Conociendo los riesgos que significaba almacenar los casetes máster en una institución que cambiaba de funcionarios o de lugar con cada administración, había adquirido la costumbre cautelosa de hacer una copia de todos mis trabajos. Recordé también que en 1999, en vista del éxito del evento, se había decidido convertir La Muestra en un festival anual. En esa edición, “Colombia Horizontal” fue proyectada en la Biblioteca Nacional. Era un largometraje grabado en Betacam, mi primera producción editada con un programa digital, que reunía los cinco capítulos –la cama, la hamaca, la estera, la acera y el ataúd– de una serie ganadora de una convocatoria organizada por Colcultura, entidad antecesora del Ministerio de Cultura, al final de su existencia. Darle esa forma integral me dio la oportunidad de trabajar los tiempos, ampliar los espacios, salir del cinturón de fuerza al que nos amarraba la televisión y recuperar la libertad añorada del cine, pero también de utilizar la metáfora para profundizar en cuestiones que azotaban al país como el desplazamiento y la pérdida del lecho, la omnipresencia de los ataúdes que nos regalaba el conflicto. El rumbo del país le agregó a mi voluntad de humor su dosis de tragedia y La Muestra, en su afán por promover la interacción entre nuestras producciones y lo que nos llegaba del mundo exterior,  valoró la decisión de presentarla como una sola pieza. La ambición narrativa era también una actitud que La Muestra promovía.
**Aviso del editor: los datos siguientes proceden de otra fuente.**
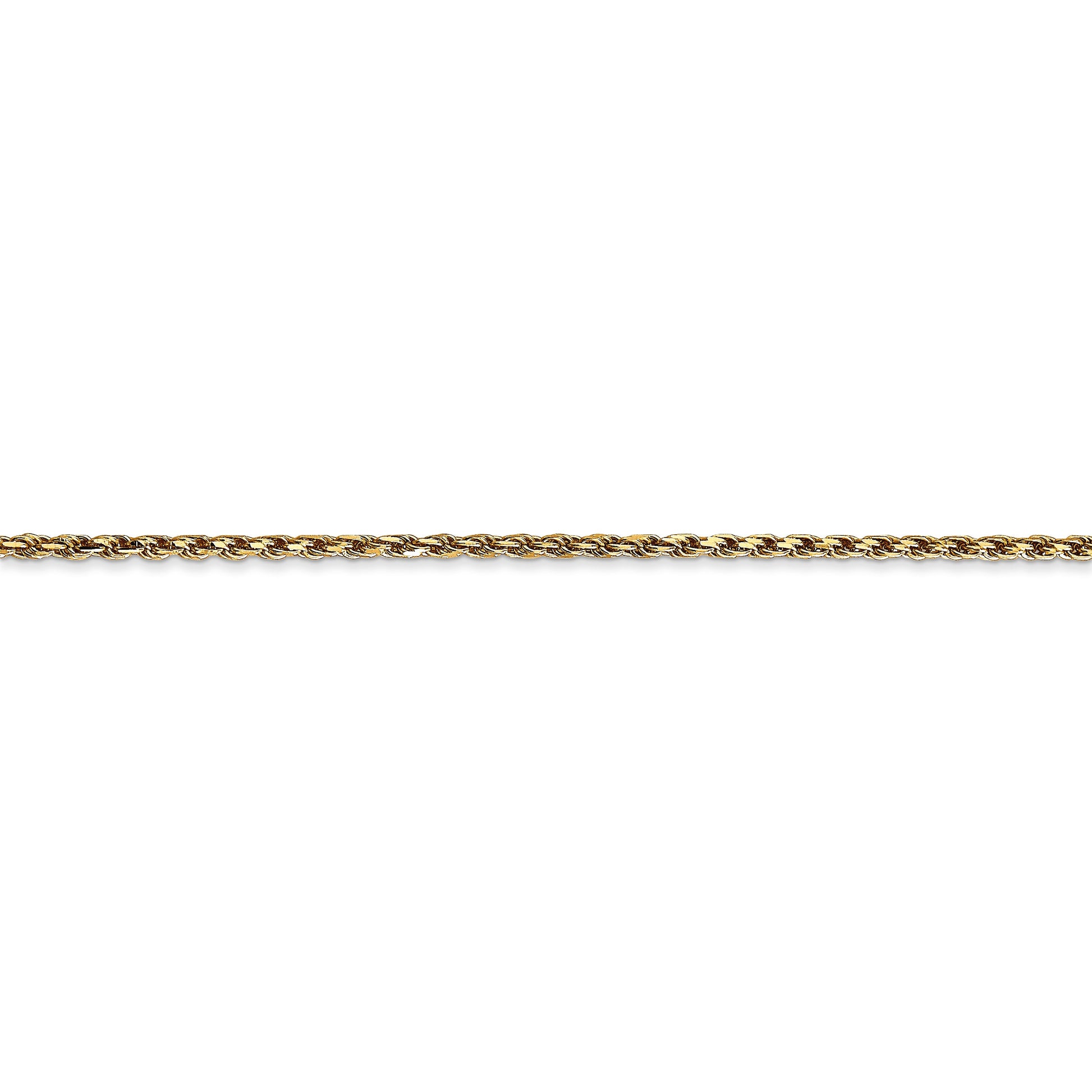 Discover elegance with our 14k Yellow Gold 8-inch Diamond-cut Rope Chain Bracelet. This finely crafted piece boasts a polished finish, a 1.75mm width, and a secure lobster clasp. Handmade with precision, its rope design sparkles brilliantly, adding a touch of luxury to any outfit. Ideal for women seeking sophisticated accents, this bracelet is a true masterpiece in fine jewelry. Elevate your style with the timeless charm of the 14k Yellow Gold 8-inch Diamond-cut Rope Chain Bracelet.

Colombia horizontal (1998)

 

En la versión de 2000, Alados asumió el protagonismo. Ya no sería Patricio Guzmán, el  director chileno radicado en París, quien había ejercido el cargo en 1999, el curador de la programación. Cuando se le entregó a la Corporación la responsabilidad de organizar el evento, el gremio consideró que localmente estábamos preparados para tomar las decisiones sobre lo que queríamos ver en las pantallas y escuchar en los espacios académicos;  era la oportunidad para que los documentalistas colombianos estableciéramos  lazos directos con otros festivales, el contacto personal con los directores y productores  que invitaríamos y el diseño del contenido de la Muestra. Alados lanzó una convocatoria. El jurado seleccionó Colombia con sentido y La canoa de la vida, en las que continuaba mi investigación de país con propuestas formales  diferentes.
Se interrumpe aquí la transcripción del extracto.